> WHAT YOU NEED TO DO: Copy the following data exactly and drop the pictures.

> RAW DATA:
------------------------------------------------------------------------
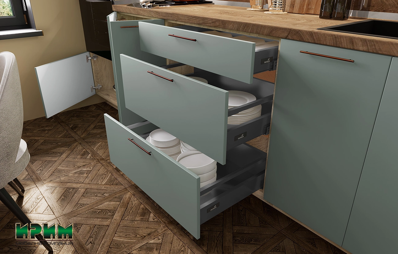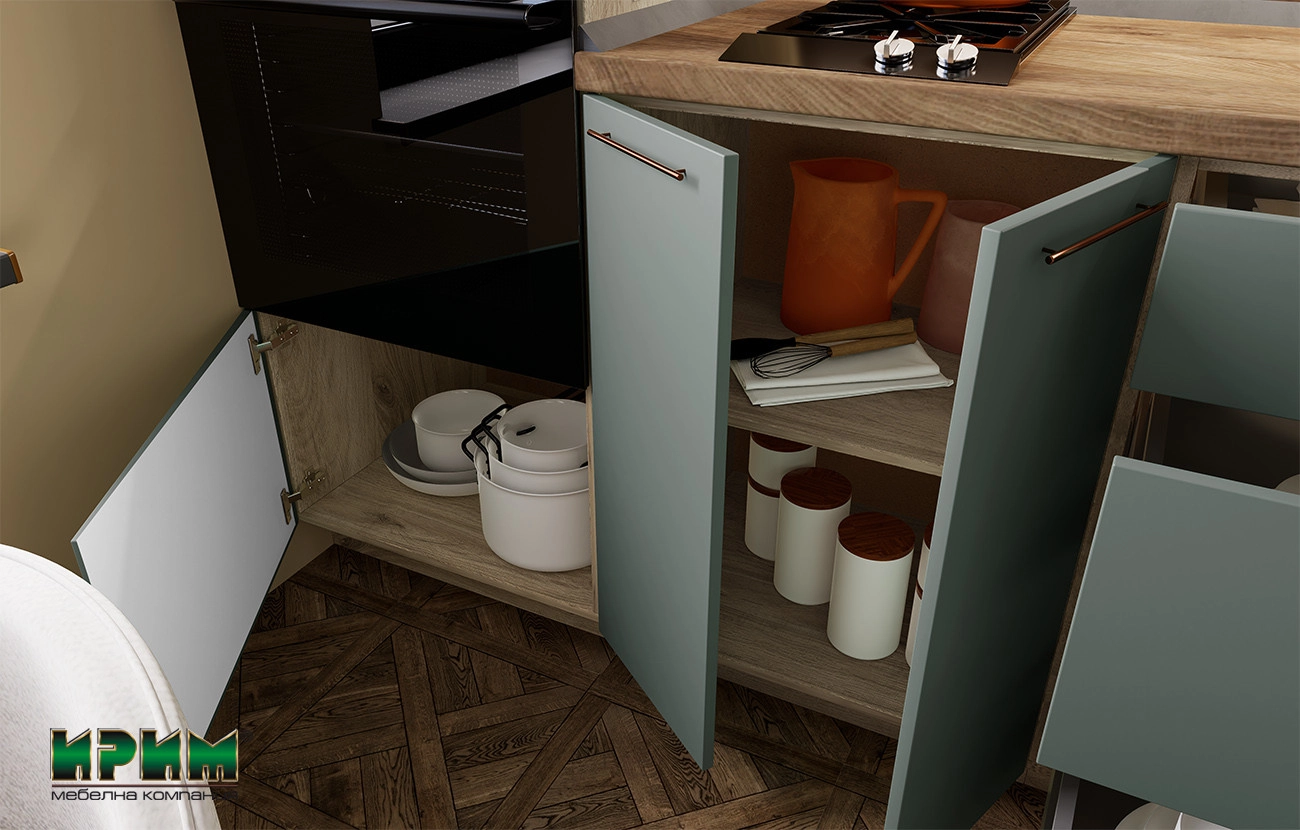 Тази кухня е част от богата модулна система с 16 вида лица и 3 вида корпуса, които могат да се съчетават безкрайно.
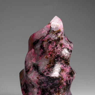Top quality, polished natural Imperial Rhodonite flame free-form from Madagascar. It has an amazing pattern with vibrant hues of pink, red and bla...
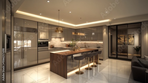 Modern Kitchen with Island, Sleek Cabinets, and Golden Accents
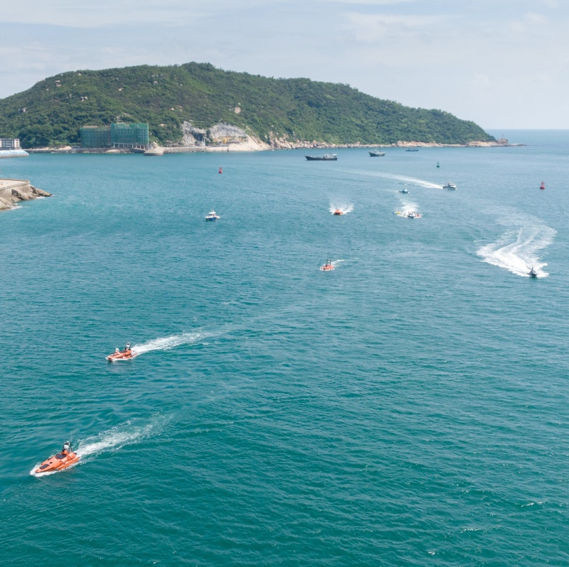 云洲智能无人船队在珠海万山无人船海上测试场组织了10艘异构无人艇的浅水地形集群组网协同测量演示验证,成功探索了无人船艇集群规模化测量施工的可行性。
------------------------------------------------------------------------
> REPLY TO THE TASK:
 Тази кухня е част от богата модулна система с 16 вида лица и 3 вида корпуса, които могат да се съчетават безкрайно.
Top quality, polished natural Imperial Rhodonite flame free-form from Madagascar. It has an amazing pattern with vibrant hues of pink, red and bla...
 Modern Kitchen with Island, Sleek Cabinets, and Golden Accents
 云洲智能无人船队在珠海万山无人船海上测试场组织了10艘异构无人艇的浅水地形集群组网协同测量演示验证,成功探索了无人船艇集群规模化测量施工的可行性。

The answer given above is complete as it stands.